### Exercise instructions
The result should be an exact copy of the entries below, free of pictures.

Segment Open

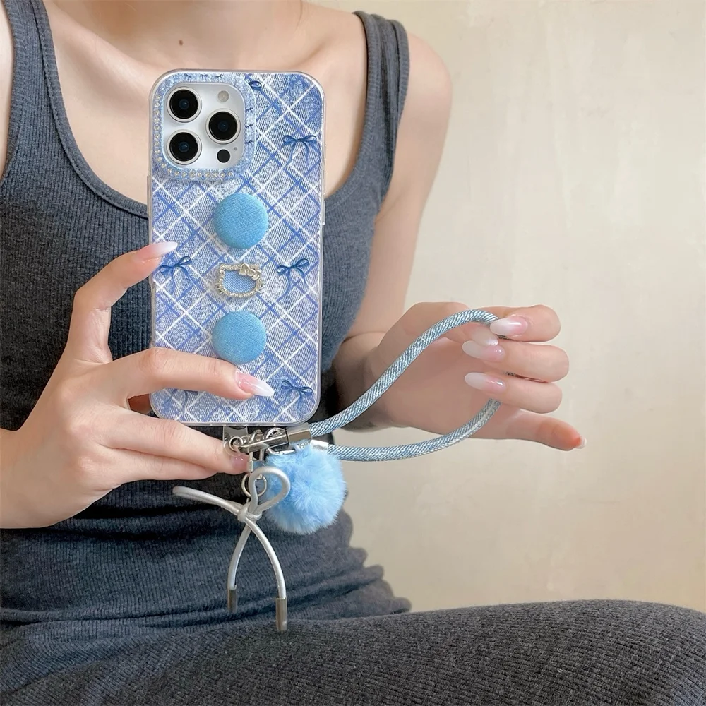Korean INS Fashion Plaid Denim Kitty Cat Phone Case for iPhone 13 14 15 16 Pro Max Cover with Chain Kawaii Hard Protective Cove
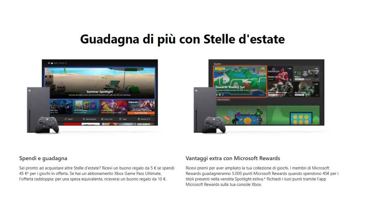 L’estate Xbox diventa più interessante. L’operazione Summer Spotlight, oltre a rinnovarsi settimanalmente con giochi nuovi, permette anche di ricevere una carta regalo Xbox che può arrivare fino a 10 euro. Per i membri di Microsoft Rewards ci sono poi anche 5000 punti. Ma come si fa ad ottenere il buono? In realtà non dovete fare molto, basta fare acquisti seguendo le istruzioni della pagina dedicata alla promozione.
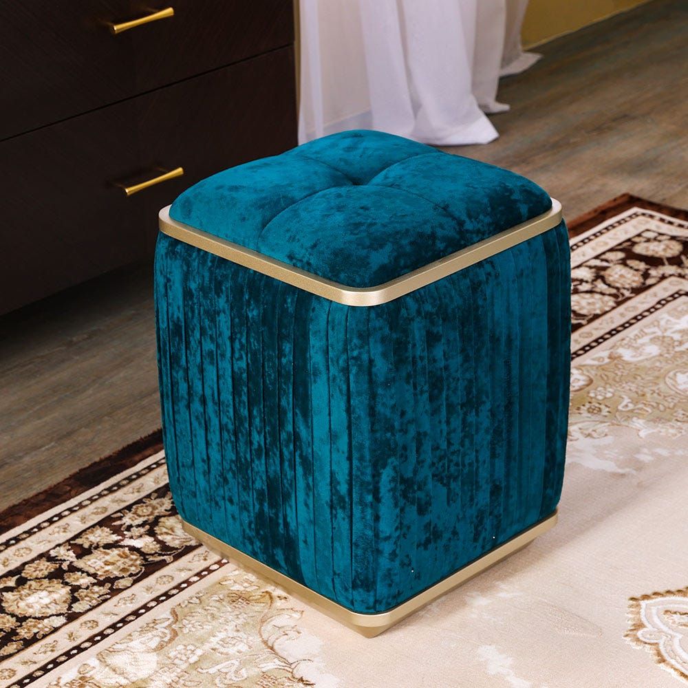 Charlotte Dresser with Mirror and Stool-Walnut / Teal Green / Golden
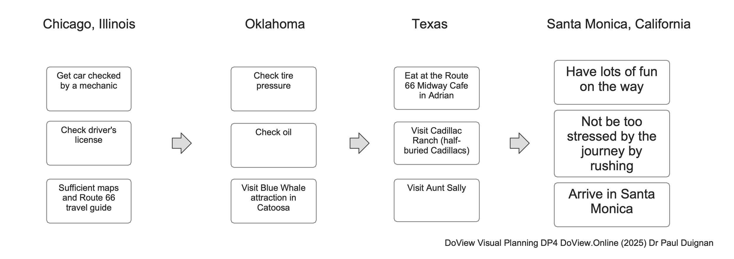 DoView outcomes/strategy diagrams are used to present any type of strategy in a visual format, one that is much more accessible than traditional text-based planning documentation. Such diagrams can be used for any kind of initiative, organisation, policy, strategy, research project (and potentially to represent what AI agents are doing). We should consider DoViews as a type of ‘This-Then’ diagram, outlining all of the needed steps to get to desired outcomes. It is useful to think of DoViews as being similar to the ‘This-Then’ logic of the steps that one would lay out to describe a successful road trip, as shown below.
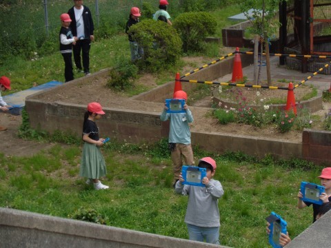 「あ,モンシロチョウがいる!」や「テントウムシもいるけど,これって春の生き物?」と言いながら,見つけた生き物をiPadで写真に収めていました。
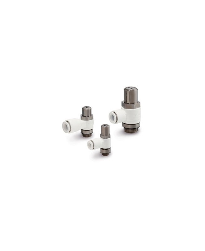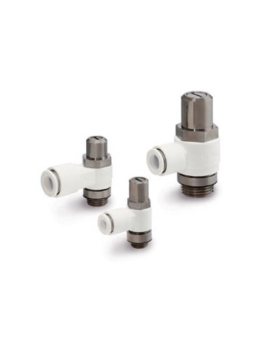 L'utilisation des regleurs de debit de SMC avec raccords integres reduit les temps d'installatione la hauteur de montage et permet de concevoir des machines plus compactes Le corps de ces regleurs de debit peut pivoter ce qui facilite l'installation Disponible avec des taraudages allant de M3 … 1/2 en pouces (NPT) et en mm R(PT)e avec des diamŠtres exterieurs de tube allant de 3 2 … 12 mm (mm) et de 1/8 … 1/2 (en pouces)e en version equerre ou droite (flexibilite accrue) et reglage … l'admission ou … l'echappemente ces regleurs de debit ont ete con‡us pour s'adapter … la plupart des applications
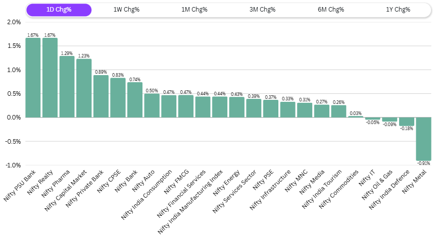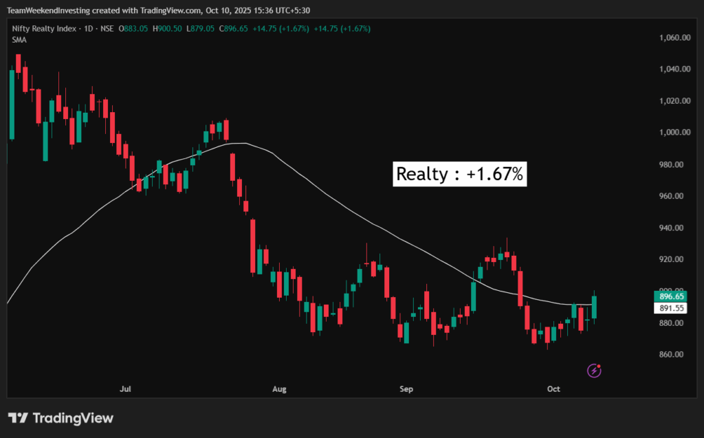 Among sectors, PSU banks, real estate, pharma, and capital markets were the strongest. There’s a growing belief that weekly expiries are here to stay, and the market’s narrative keeps swinging with every development. Real Estate stocks like Godrej, Signature, Brigade, Prestige, and Lodha are trading above averages, signaling strength.
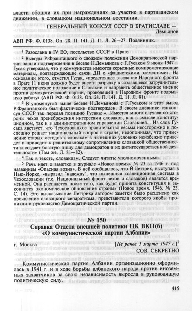 Справка ОВП ЦК ВКП(б) «О коммунистической партии Албании». Москва, ...
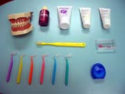 当院では、左の模型等を用いて、ブラッシング指導を行います。
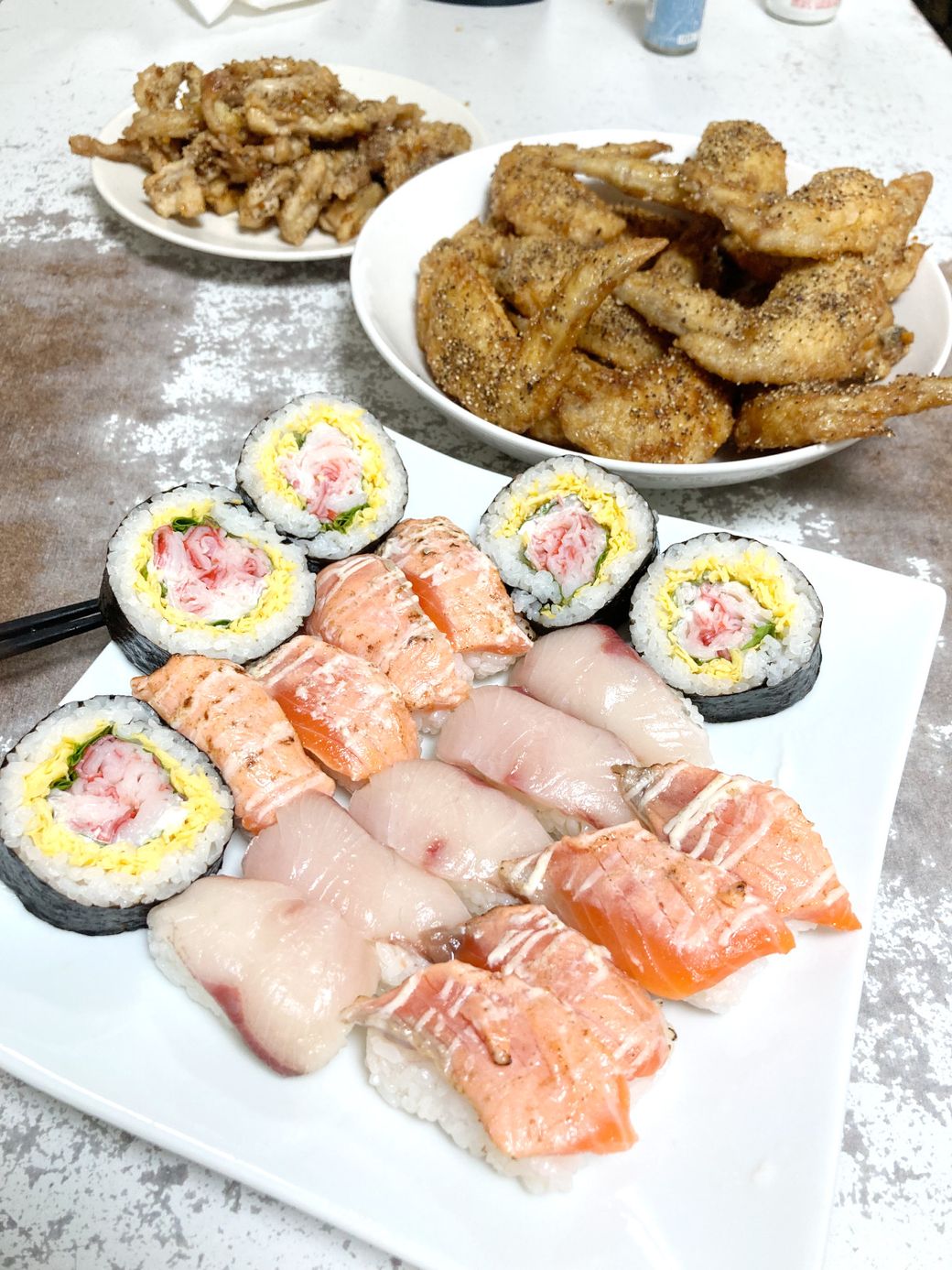 今回は「お寿司とジェネリック山ちゃん(鶏の揚げ物)」です。
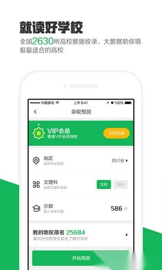 熊猫高考汇聚了全国2964所高校的历年录取分数、学校概况、专业排名及学生就业等海量信息,借助大数据技术与核心算法,可对大学录取分数进行预测并计算录取概率。同时,平台有数百位专家以及学长学姐在线,能够实时为考生提供志愿填报方面的指导与服务。
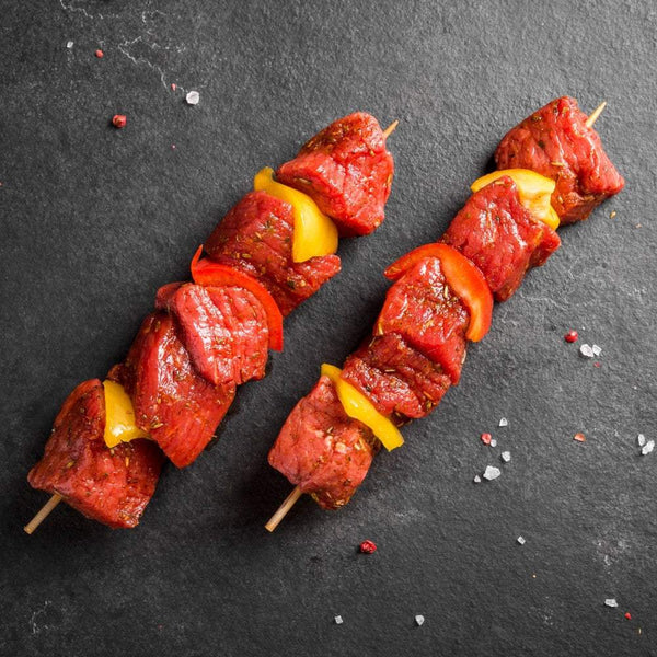 Nous vous proposons des brochettes de bœuf de qualité supérieure rigoureusement mariné Tex Mex (non piquant) ou Pirry Pirry (piquant) pour régaler vos grillades.

Segment Closed

### Result of this task
Korean INS Fashion Plaid Denim Kitty Cat Phone Case for iPhone 13 14 15 16 Pro Max Cover with Chain Kawaii Hard Protective Cove
 L’estate Xbox diventa più interessante. L’operazione Summer Spotlight, oltre a rinnovarsi settimanalmente con giochi nuovi, permette anche di ricevere una carta regalo Xbox che può arrivare fino a 10 euro. Per i membri di Microsoft Rewards ci sono poi anche 5000 punti. Ma come si fa ad ottenere il buono? In realtà non dovete fare molto, basta fare acquisti seguendo le istruzioni della pagina dedicata alla promozione.
 Charlotte Dresser with Mirror and Stool-Walnut / Teal Green / Golden
 DoView outcomes/strategy diagrams are used to present any type of strategy in a visual format, one that is much more accessible than traditional text-based planning documentation. Such diagrams can be used for any kind of initiative, organisation, policy, strategy, research project (and potentially to represent what AI agents are doing). We should consider DoViews as a type of ‘This-Then’ diagram, outlining all of the needed steps to get to desired outcomes. It is useful to think of DoViews as being similar to the ‘This-Then’ logic of the steps that one would lay out to describe a successful road trip, as shown below.
 「あ,モンシロチョウがいる!」や「テントウムシもいるけど,これって春の生き物?」と言いながら,見つけた生き物をiPadで写真に収めていました。
 L'utilisation des regleurs de debit de SMC avec raccords integres reduit les temps d'installatione la hauteur de montage et permet de concevoir des machines plus compactes Le corps de ces regleurs de debit peut pivoter ce qui facilite l'installation Disponible avec des taraudages allant de M3 … 1/2 en pouces (NPT) et en mm R(PT)e avec des diamŠtres exterieurs de tube allant de 3 2 … 12 mm (mm) et de 1/8 … 1/2 (en pouces)e en version equerre ou droite (flexibilite accrue) et reglage … l'admission ou … l'echappemente ces regleurs de debit ont ete con‡us pour s'adapter … la plupart des applications
 Among sectors, PSU banks, real estate, pharma, and capital markets were the strongest. There’s a growing belief that weekly expiries are here to stay, and the market’s narrative keeps swinging with every development. Real Estate stocks like Godrej, Signature, Brigade, Prestige, and Lodha are trading above averages, signaling strength.
 Справка ОВП ЦК ВКП(б) «О коммунистической партии Албании». Москва, ...
 当院では、左の模型等を用いて、ブラッシング指導を行います。
 今回は「お寿司とジェネリック山ちゃん(鶏の揚げ物)」です。
 熊猫高考汇聚了全国2964所高校的历年录取分数、学校概况、专业排名及学生就业等海量信息,借助大数据技术与核心算法,可对大学录取分数进行预测并计算录取概率。同时,平台有数百位专家以及学长学姐在线,能够实时为考生提供志愿填报方面的指导与服务。
 Nous vous proposons des brochettes de bœuf de qualité supérieure rigoureusement mariné Tex Mex (non piquant) ou Pirry Pirry (piquant) pour régaler vos grillades.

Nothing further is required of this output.